→ DATA BELOW:
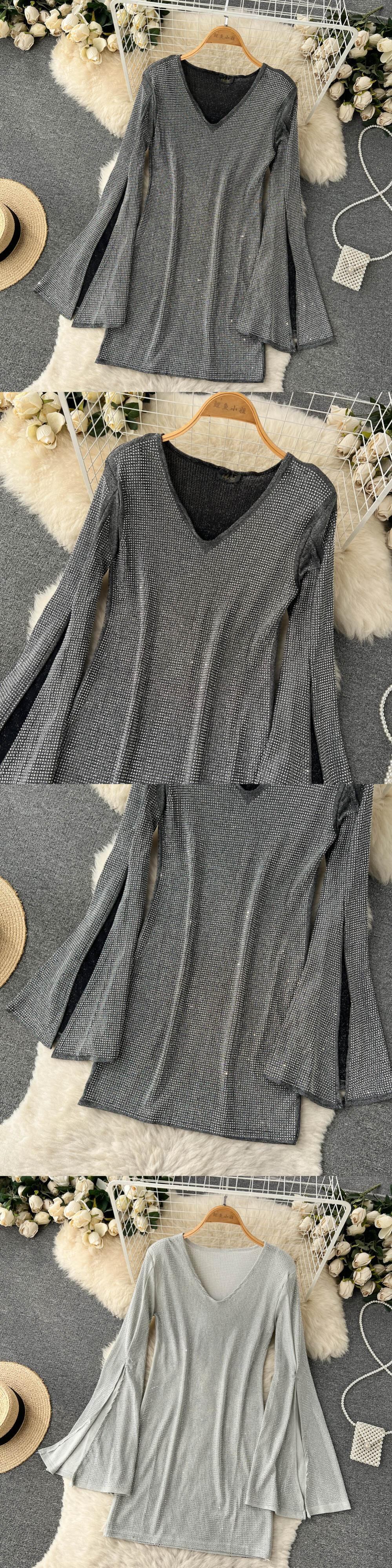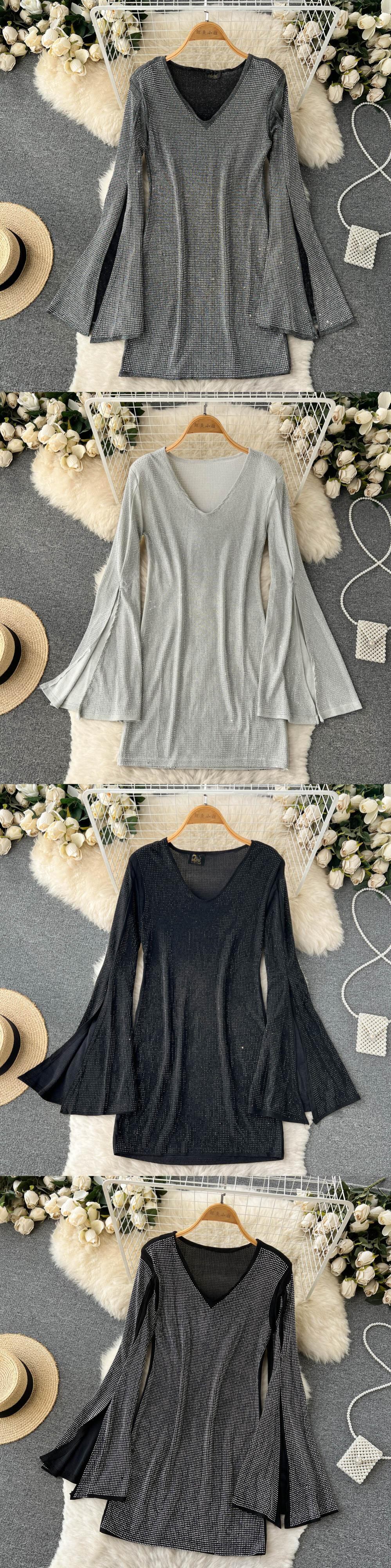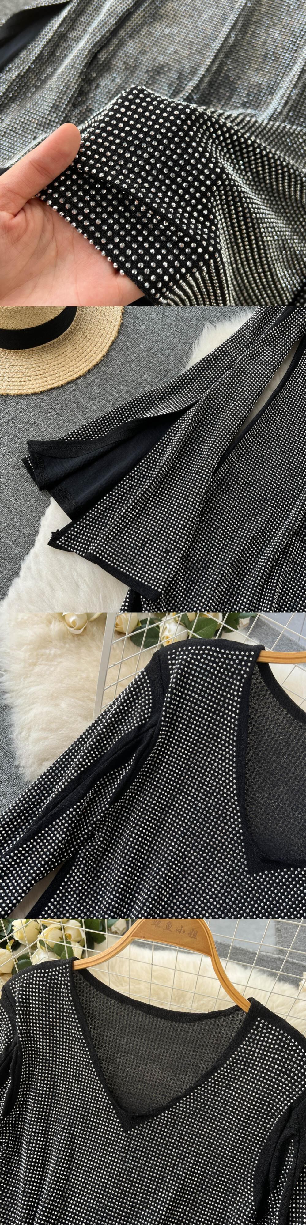 秋の女性のセクシーな黒ブリンブリンダイヤモンドボディコンミニドレス春 V ネック長袖ウエストパーティー Vestidos ロング ブラック スプリング 春物 オータム 秋物 Vネック Abe16014927127
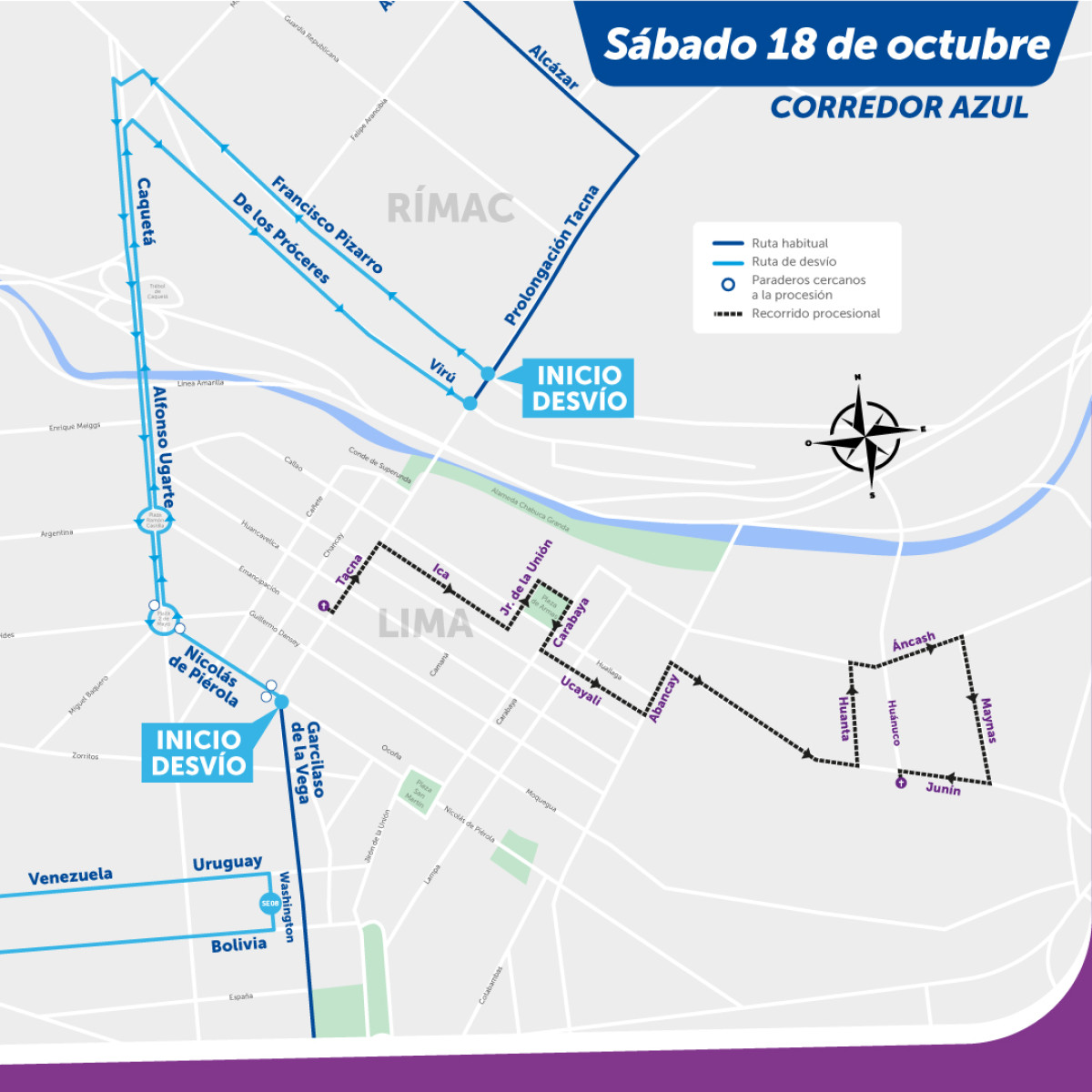 Los buses del Corredor Azul modificarán su ruta habitual, circulando por las avenidas Prolongación Tacna, Francisco Pizarro, Morro de Arica, Caquetá, Alfonso Ugarte (Plaza Ramón Castilla y Dos de Mayo) y Nicolás de Piérola. Posteriormente, continuarán su trayecto por la avenida Garcilaso de la Vega, con destino a Barranco y Miraflores. Además, el servicio extraordinario 08 se limitará a llegar hasta el jirón Washington, reanudando su recorrido a través de las avenidas Uruguay y Venezuela.
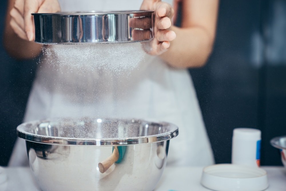 1. En un bol grande, tamiza la harina y la levadura en polvo. Agrega la pizca de sal y mezcla bien.

→ WHAT YOU HAVE TO DO:
Repeat word for word the lines from the one holding "Los buses del" through the last line of the listing above, including both ends. Drop the pictures.

→ SOLUTION TO THE PROBLEM:
 Los buses del Corredor Azul modificarán su ruta habitual, circulando por las avenidas Prolongación Tacna, Francisco Pizarro, Morro de Arica, Caquetá, Alfonso Ugarte (Plaza Ramón Castilla y Dos de Mayo) y Nicolás de Piérola. Posteriormente, continuarán su trayecto por la avenida Garcilaso de la Vega, con destino a Barranco y Miraflores. Además, el servicio extraordinario 08 se limitará a llegar hasta el jirón Washington, reanudando su recorrido a través de las avenidas Uruguay y Venezuela.
 1. En un bol grande, tamiza la harina y la levadura en polvo. Agrega la pizca de sal y mezcla bien.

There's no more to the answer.